It was curious this week to read a former director of the Solicitors Regulation Authority argue that regulation is so expensive that it would be wrong to impose it upon McKenzie friends.

John Hyde byline

       John Hyde

If solicitors are still prohibitively expensive after five years with Crispin Passmore guiding matters at the SRA, perhaps it’s time for a little more introspection on his part.

The argument is that paid McKenzie friends must be allowed to run free because to shackle them would prevent poor litigants accessing their services.

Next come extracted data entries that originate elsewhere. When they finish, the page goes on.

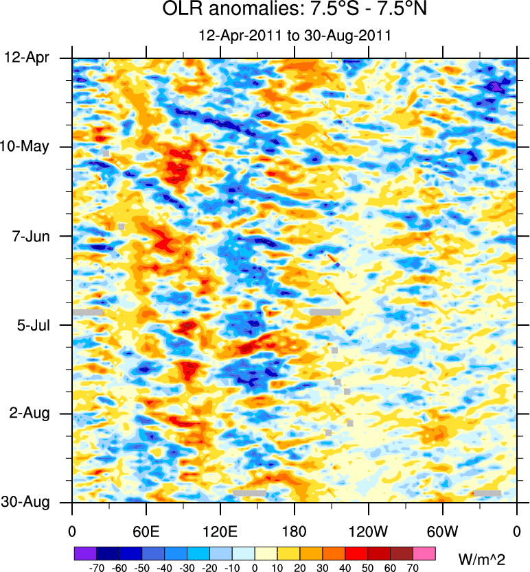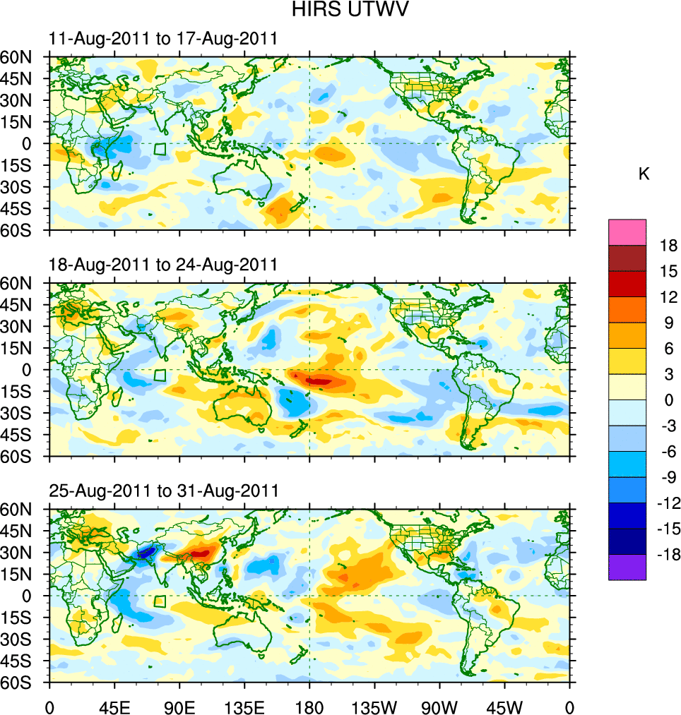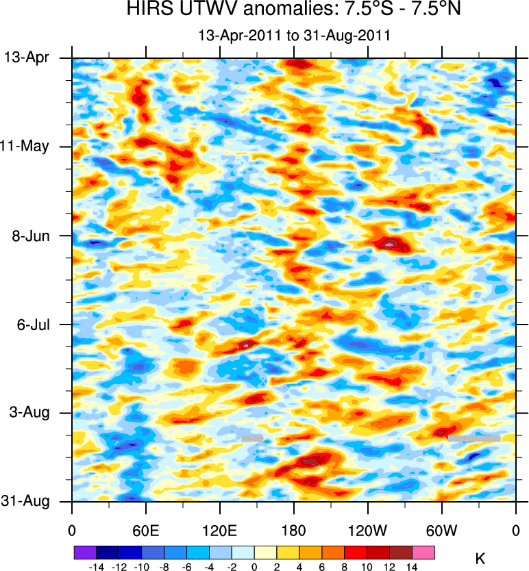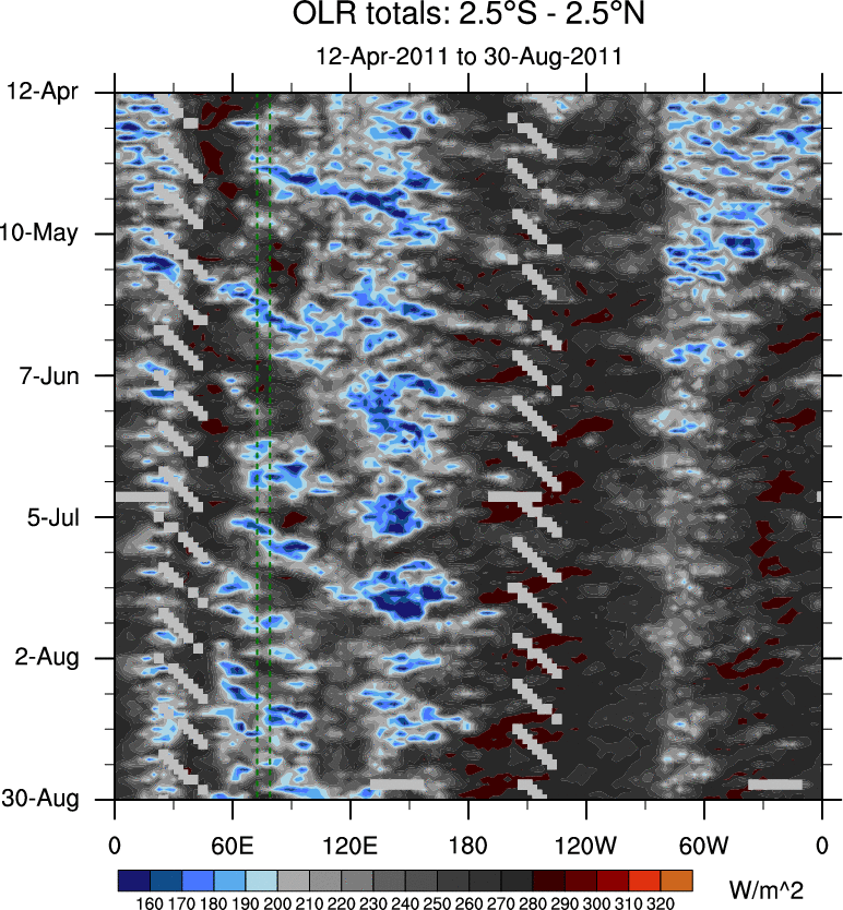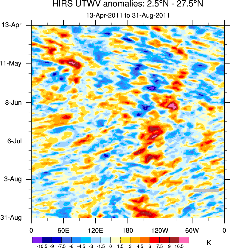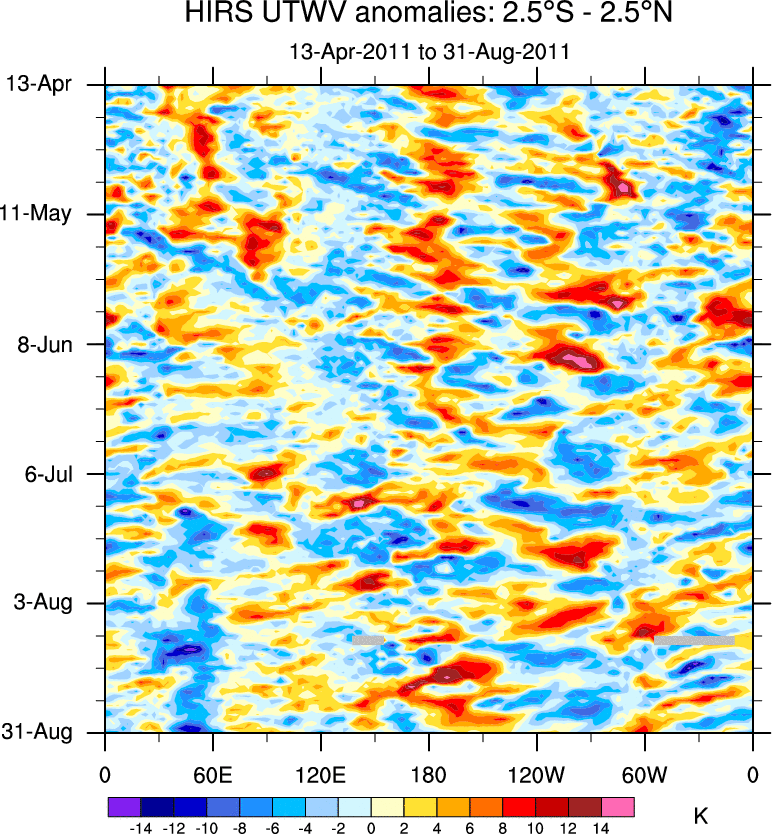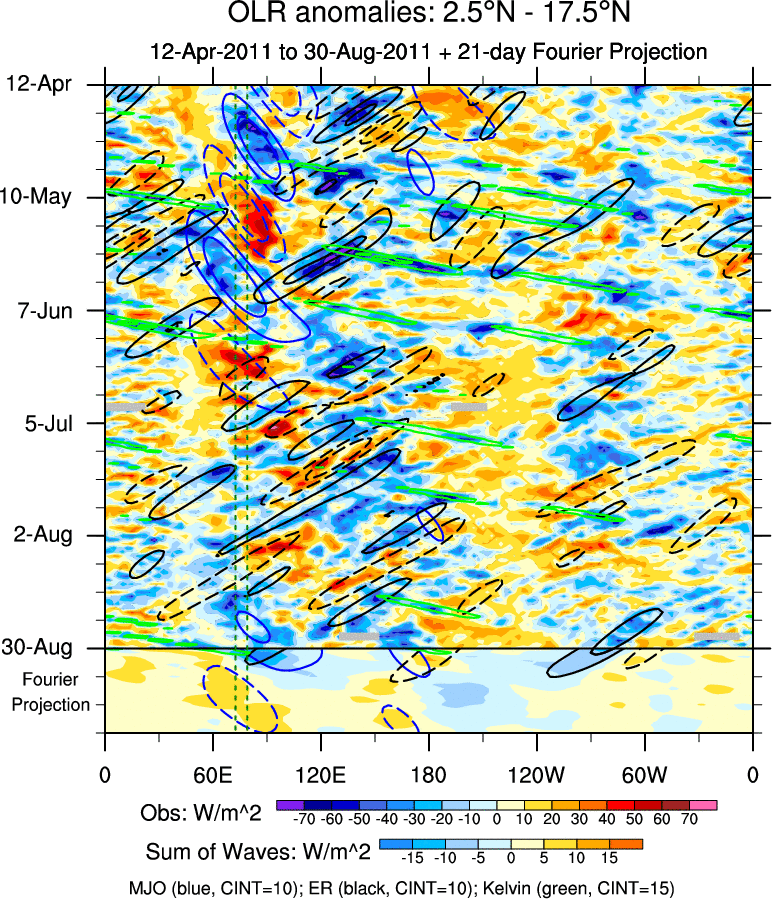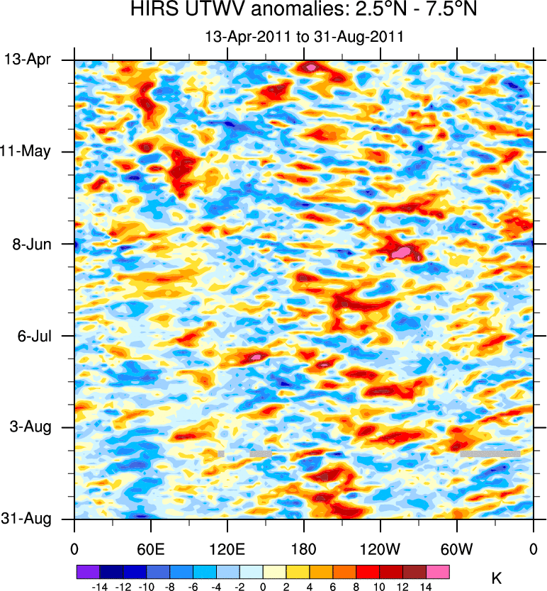 To identify tropical waves in near real-time, the OLR and UTWV data are filtered following Wheeler & Weickmann (2001 MWR). The daily anomalies are calculated using the first 3 harmonics of the seasonal cycle for 1979–2009. Missing values are then filled using linear interpolation in space and time. The most recent 365 days of anomalies are padded with 659 days of zeroes, and the result is filtered for each wave type.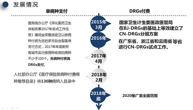 1、单病种付费 单病种付费是指对一个不含合并症和并发症、相对独立单一的疾病进行诊疗全过程的独立核算和费用总量控制,并制定出相应的付费标准,医保部门按标准向医疗机构支付费用的一种方法。 2、DRGs支付 DRGs支付指的是首先综合考虑患者年龄、性别、住院天数、临床诊断、病症、手术、合并症与并发症等情况,将临床过程相近、费用消耗相似的病例分到同一个DRG病组,在DRGs分组的基础上,通过科学的测算制定出每一个组别的付费标准,并以此标准对医疗机构进行预先支付的一种方法。 二、应用发展概况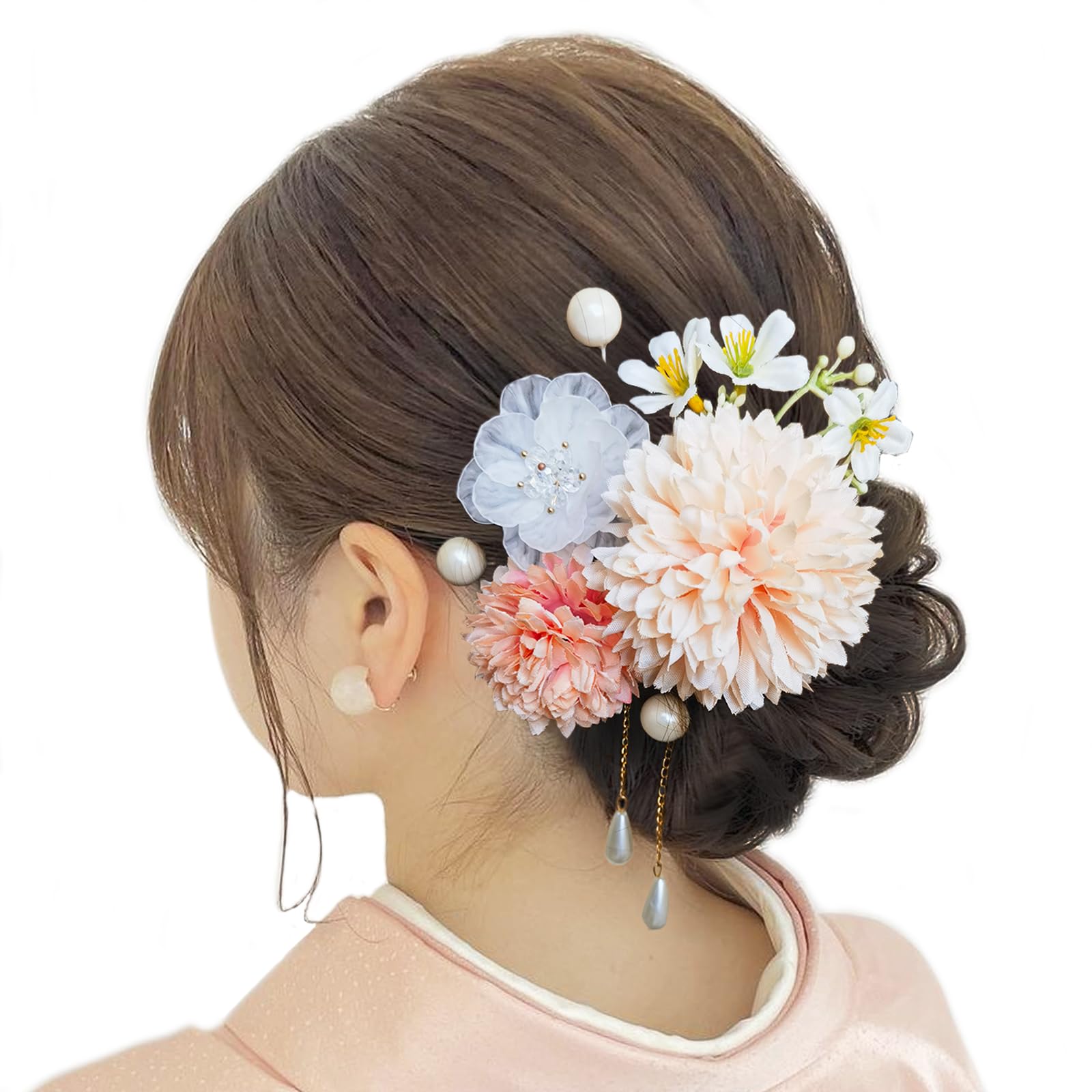 【Baramoly】 髪飾り 和装 着物 浴衣 プリザーブドフラワー 造花 花飾り 祭り 花火大会 成人式 結婚式 卒業式 七五三 ウエディング 謝恩会 かわいい 髪留め シャンパン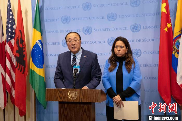 中新社聯(lián)合國(guó)11月6日電 (記者 王帆)應(yīng)中國(guó)和阿聯(lián)酋要求,聯(lián)合國(guó)安理會(huì)6日就巴以沖突局勢(shì)舉行緊急磋商,安理會(huì)本月輪值主席中國(guó)常駐聯(lián)合國(guó)代表張軍主持會(huì)議。會(huì)后,張軍同阿聯(lián)酋常駐聯(lián)合國(guó)代表努賽貝共同會(huì)見記者,就當(dāng)前巴以局勢(shì)發(fā)表談話。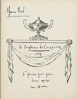 ![]() Cover of the first edition published by Durand Cie (1918), designed by Ravel himself. | |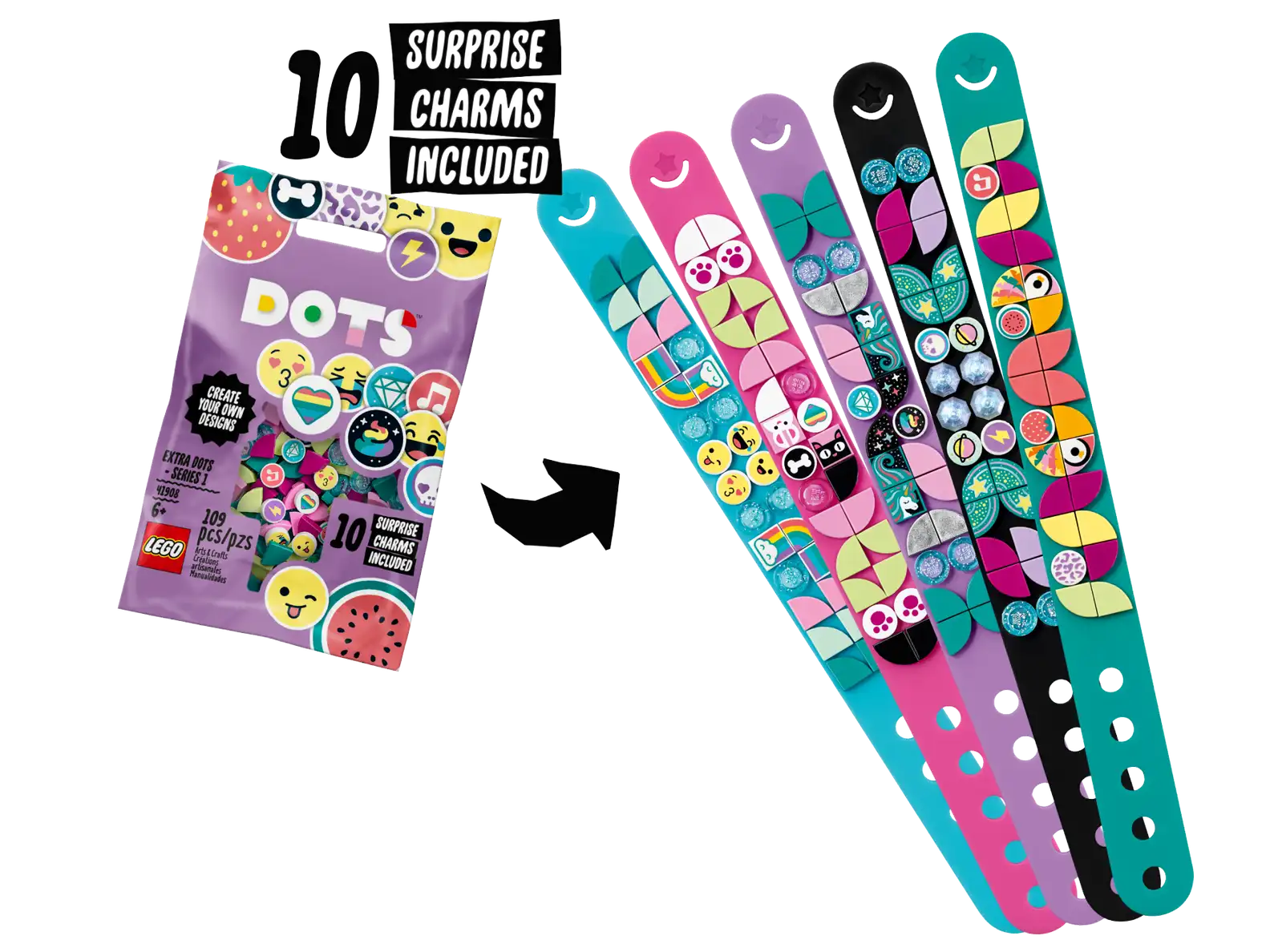 Kids and fans of arts and crafts items will love this cool LEGO® DOTS (41908) Extra DOTS - series 1 pack! Designed to work with all the LEGO DOTS sets, these extra tiles offer kids the chance to expand their designs in fun new ways and change them to suit their outfit, mood or room decor.Extra creativity in a bagThis great little pack includes 109 colorful tiles, including 20 translucent blue glitter tiles and 10 special printed tiles, to decorate their own creative jewelry or room decor items,stretch their imagination skills and have fun expressing themselves how they like.More arts and crafts items to make designing even more funThe joy of this little pack is the chance for kids to be even more imaginative in decorating their LEGO DOTS items however they like, to match their mood, to mix and match with their friends and to show off their own unique designs. They make great stocking stuffer gifts for Christmas or birthdays or make a great add-on purchase with any of the other DOTS sets.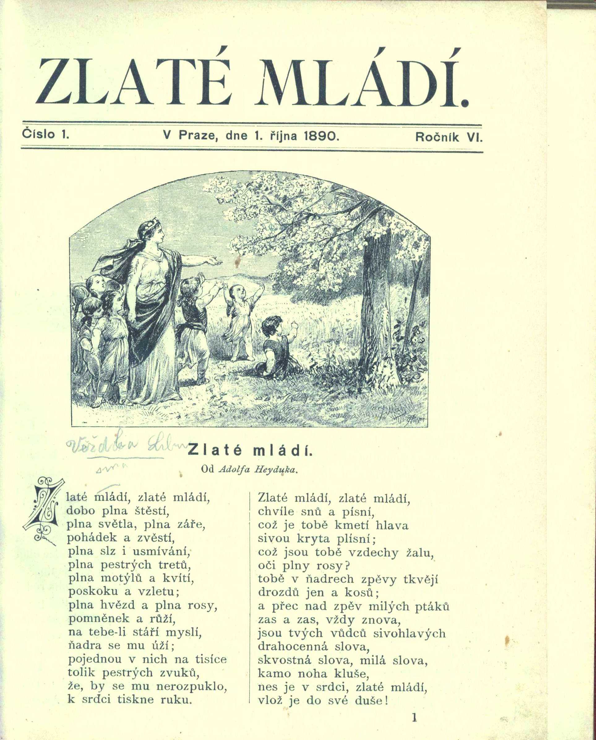 Title information Zlaté mládí : obrázkový časopis pro naši mládež Další autoři Mojžíš, Antonín, 1856-1927 (Editor) Marhan, Michael, 1851-1928 (Editor) Corporation F. Šimáček (nakladatelství, tiskárna) (Publisher) Roč., číslo ročník 6, číslo 1-10, 1890/1891 Publication Praha : F. Šimáček, 1890-1891 Scope il. Country Czech Republic Language Czech Note Čb. ilustrace, k jednotlivým číslům zvláštní přílohy s čb. dvoustránkovými ilustracemi, k č. 3 příloha formátu A3.

Predictably, the piece comes with a dig at lawyers for resisting change and trying to regulate competitors. (Passmore’s argument seems to be that McKenzie friends are alternatives, not competitors, to lawyers, so it would hardly be worth the legal profession trying to destroy this industry anyway.) Those lawyers calling for change, more so than regulatory policy wonks, are the ones who’ve seen for themselves the harm that rogue McKenzie friends have done.

The idea that affordable legal services are so sparse that poor litigants must be thrown at the mercy of unqualified and unregulated individuals is perverse. It is precisely because poor litigants tend to be the most vulnerable that they need protection from those that may exploit their situation.

Passmore points to Citizens Advice bureaux and law centres that might face extra burdens on their precious resources. But the creation of a register of unregulated advisers, together with greater transparency and redress for clients, is hardly an onerous challenge for legitimate enterprises.

Passmore says calls for restrictions on this sector address a ‘rare problem’. Well, 99.94% of solicitors in 2017 were not struck off or suspended – should solicitors be unregulated because the rogue ones are so rare?

We have no way of knowing who is acting as a paid McKenzie friend and what they are advising. We know one has advised a couple to act in defiance of a care order, we know that a vexatious litigant had to be banned from acting as a McKenzie friend, and we know a paid adviser has been jailed in the past for perverting the course of justice in a family court.

There is nothing stopping a struck-off solicitor advising someone in court tomorrow - and there is no way of litigants knowing their past. Passmore says a clampdown on McKenzie friends would be ‘disastrous’ for the poor. Throwing them to the unqualified wolves is not a better option.